How Big Is The Gig Economy? The Government Is Finally Going To Find Out
[Photo: Flickr user U.S. Department of Defense]

The gig economy has launched a healthy "future of work" panel circuit amid a roaring debate over whether apps like Uber, Postmates, and Handy—which hire an army of independent contractors instead of employees—represent a return to the sweatshop or a new freedom to work when and how one pleases. But all sides of the debate face the same dilemma: When they propose a new policy or launch a new initiative, they have only a vague idea of how many workers it could impact. There is no current government data that specifically catalogs this group of workers.

On Monday, U.S. Secretary of Labor Tom Perez announced plans to solve this problem by counting workers who labor outside the traditional structure of full-time employment. The survey of what the government calls "contingent workers" will be a supplement to the May 2017 Current Population survey.

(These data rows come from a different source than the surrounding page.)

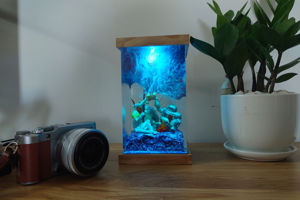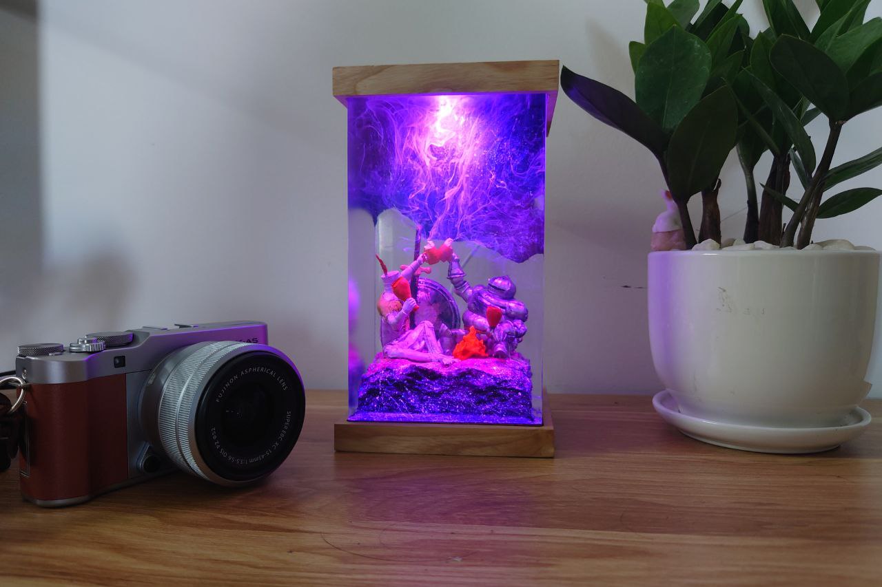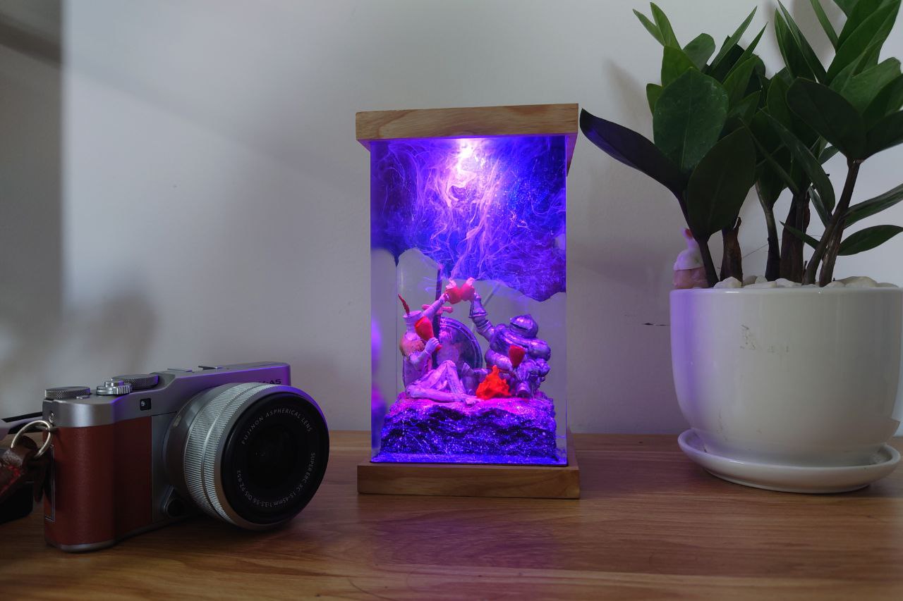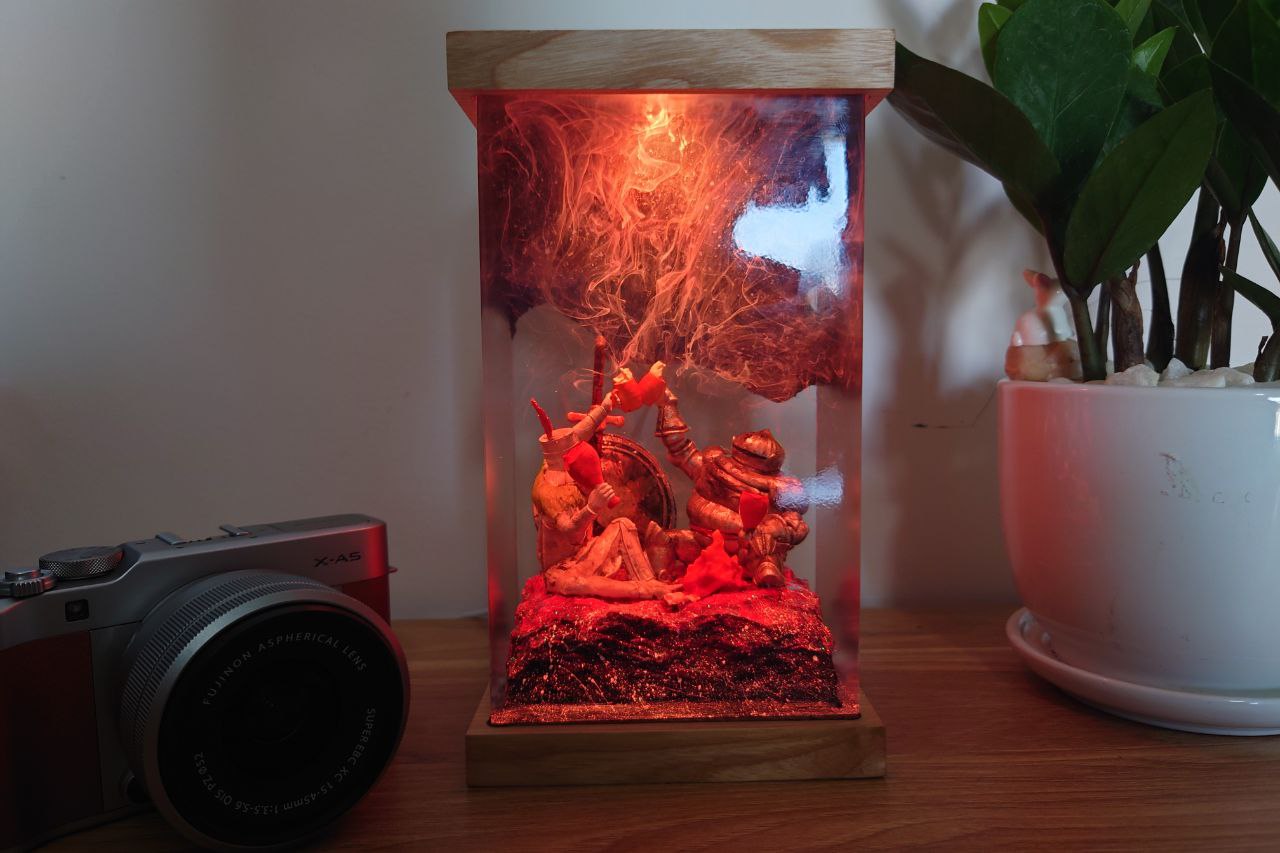Bring the legendary encounter of Solaire and Siegward to life with this stunning, hand-crafted resin lamp! Perfect for any Dark Souls fan, this unique lamp captures the epic battle against the Chaos Demon in a mesmerizing display of light and color.
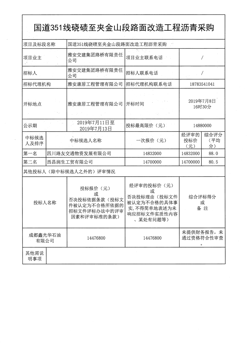 大红鹰dhy(中国)集团路桥有限责任公司国道351线硗碛至夹金山段路面改造工程沥青采购公开招标结果公示
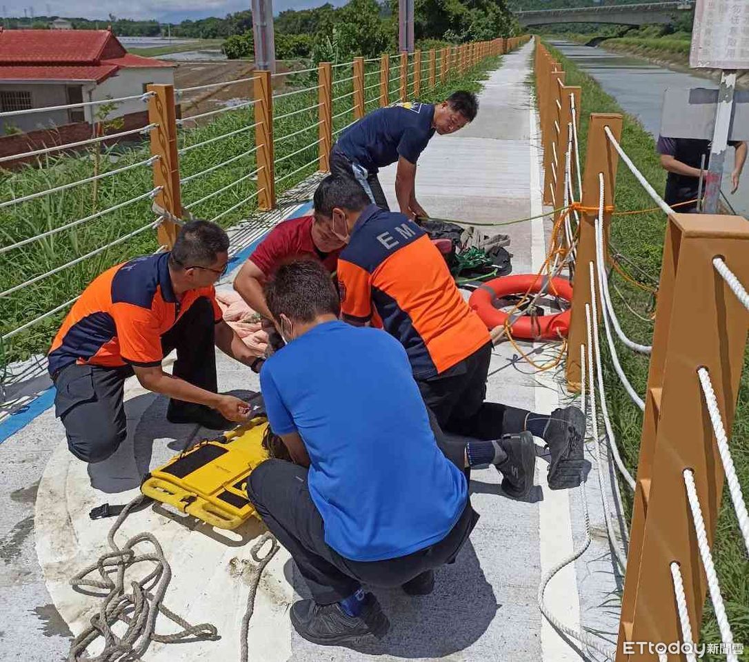 ▲台南六甲嘉南大圳3號橋傳出有女子落水,台南市消防局據報,出動六甲分隊消防人員前往救援,消防人員救起1名年約30多歲女子,緊急送醫急救。(圖/民眾提供,下同)
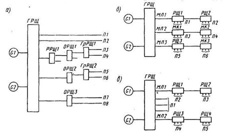 Рис. 6.1. Принципиальные схемы силовых электрических сетей:
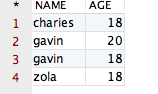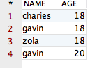 观察以上的表,咱们会发现:拥有相同 NAME 的记录有两条,拥有相同 AGE 的记录有三条。如果咱们运行下面这条 SQL 语句,
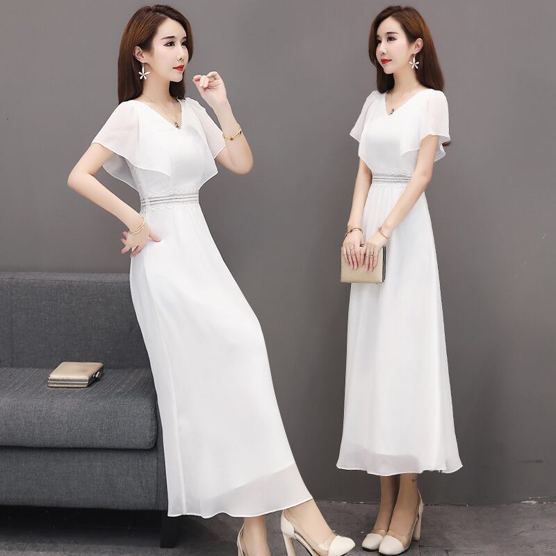 ワンピース シフォンワンピース 半袖 ロング丈 ミモレ丈 タイト シンプル 無地 きれいめ 上品
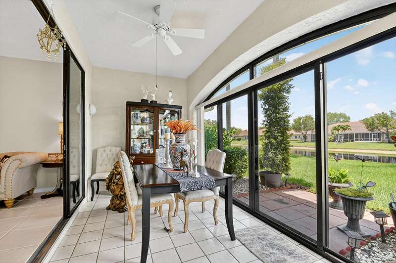 You found your home! Step into this bright and airy coach home, with views of the water from the glass enclosed Florida room. The kitchen is cheerful and light filled with white cabinetry with a large pantry. Living area is very spacious and versatile. Primary bedroom is large with a walk-in closet. The ensuite bath features a large garden tub and separate shower. The community boost a non membership clubhouse with plenty of activities, 3 pools, tennis, pickleball courts , fitness center, many clubs and more. All nestled in a lovely park-like setting. All close to shopping ,entertainment, restaurants and more. See it today! Enjoy the great Florida lifestyle!
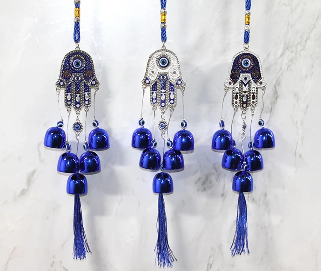 METAL NAZAR BONCUĞU ÇAN MODEL 19Ürün ÖzellikleriMetal Nazar Boncuğu Çan Model 19, geleneksel nazar boncuğu sembolüyle süslenmiş dekoratif bir çan modelidir. Metal malzemeden üretilmiş olup, dayanıklı ve uzun ömürlü bir tasarıma sahiptir. Nazar boncuğu detaylarıyla kötü enerjilere karşı koruyucu bir etkiye sahip olduğu inanılan bu çan, rüzgarın etkisiyle huzur verici bir ses çıkarır. Ev, balkon, bahçe veya kapı süsü olarak kullanılabilir, otantik ve mistik bir atmosfer oluşturur.Paket İçeriği1 Adet Metal Nazar Boncuğu Çan
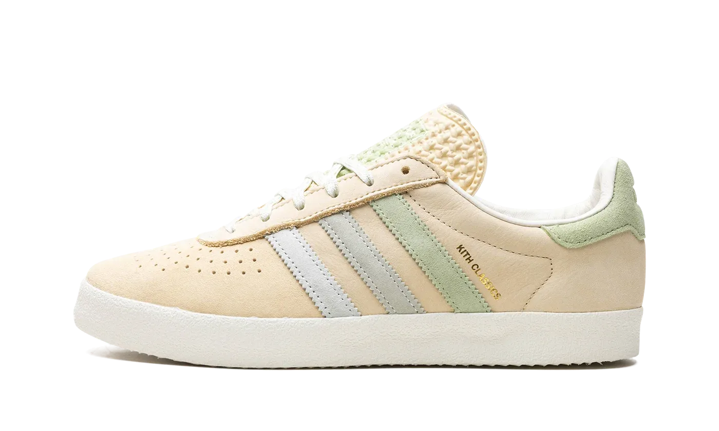 The Kith x adidas AS350 "Classics Program - Arctic Fusion" is a collaboration between Ronnie Fieg's sneaker boutique and adidas on the classic shoe. The adidas AS350 is a retro that was originally made strictly for the Japanese market in the late 1970s and early 1980s. The model returned via collaborations with Kith in 2024. The "Arctic Fusion" colorway has a Pale Yellow leather construction with gradient blue and green suede Three Stripes on the sides. A gold "Kith Classics" logo is stamped on the lateral side of the shoe, and "Kith" and "adidas" logos appear on the left and right heel tab, respectively. A white vulcanized rubber sole completes the look.
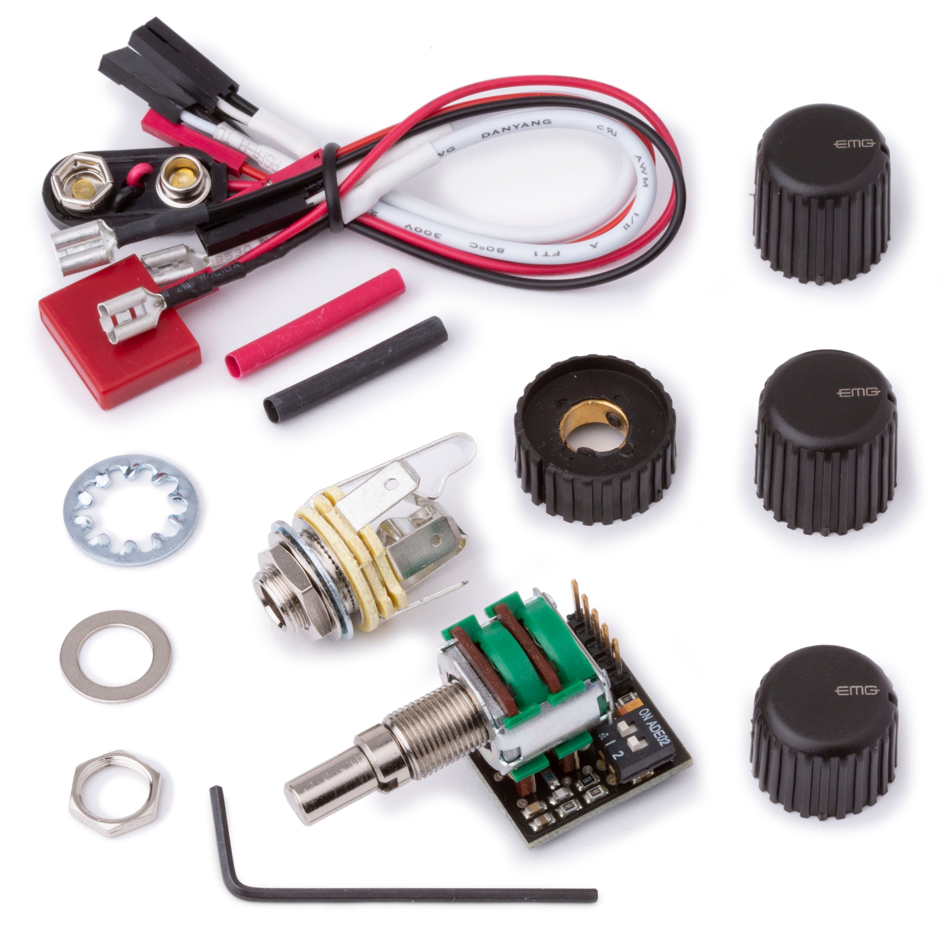 Das ABC Control ist für EMG Active Pickups ausgelegt. Es ermöglicht ein verlustfreies Gleichgewicht zwischen zwei Abholungen und verfügt über eine Mittelsperre für die mittlere Position. Wenn Sie passive EMG-HZ-Abholungen oder andere passive Abholungen verwenden, sollten Sie die B125 Active Balance Control verwenden, die gepufferte Eingänge für eine höhere Eingangsimpedanz aufweist. - BTC Control (B100) 2-Band-Equalizer für Bassgitarre. Der BTC verfügt über einpolige Filter zur Breitbandentzerrung. Oftmals werden die breiteren einpoligen Filter für Musikinstrumente bevorzugt, da sie weniger selektiv, am Ohr einfacher und „musikalischer“ klingen. Eine der Funktionen der BTC-Steuerung ist ein Dip-Switch mit 2 Positionen, der die Neigung des Hochfrequenzgangs steuert. Durch die Auswahl einer der vier Kombinationen kann der Hochfrequenzgang auf Ihre Wünsche zugeschnitten werden. Die BTC-Steuerung hat eine hohe Eingangsimpedanz und kann mit aktiven oder passiven Pickups verwendet werden. Die Bässe und Höhenregler sind auf einer konzentrischen Welle montiert und die Knöpfe sind im Lieferumfang enthalten.

U.S. Secretary of Labor Tom Perez

The Department of Labor ran this contingent worker survey regularly until 2005, when it was defunded by Congress. With only decade-old government data about this working population, proposed solutions for "gig workers" have thus relied on inflated third-party surveys, obscure data points, and predictions based on private company data—none of which are the most impartial sources upon which to base new policies.

"The information we get from this survey," Secretary Perez wrote in a blog post on the DOL website, "will help the department do something that's essential to smart policymaking and smart business: understanding the past and present so that we can prepare for the future."